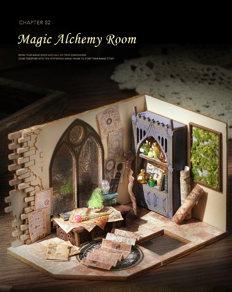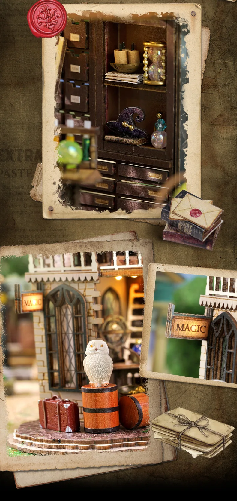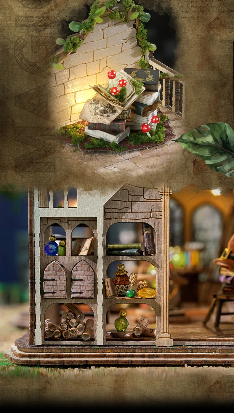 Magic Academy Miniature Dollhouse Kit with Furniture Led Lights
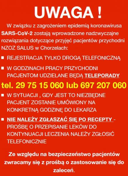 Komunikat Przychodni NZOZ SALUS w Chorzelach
*-*-*
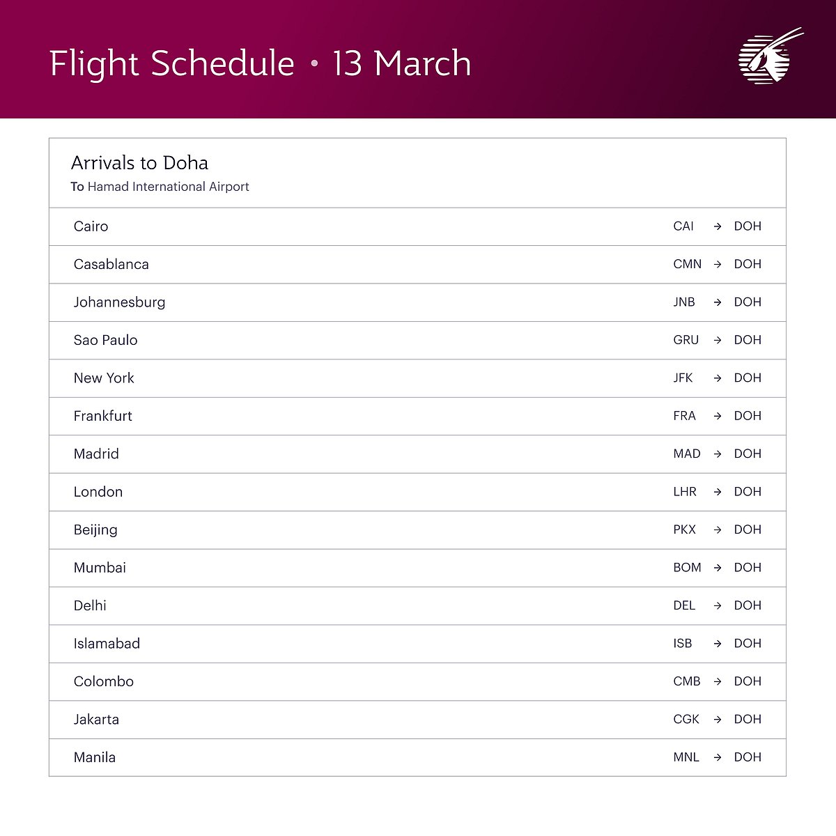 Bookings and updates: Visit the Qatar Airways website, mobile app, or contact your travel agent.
*-*-*
Exercise prompt> Copy only what runs above from the line containing "Magic Academy Miniature" through the line containing "Komunikat Przychodni NZOZ SALUS w Chorzelach", exactly. Leave out the pictures.

Finished exercise>
 Magic Academy Miniature Dollhouse Kit with Furniture Led Lights
 Komunikat Przychodni NZOZ SALUS w Chorzelach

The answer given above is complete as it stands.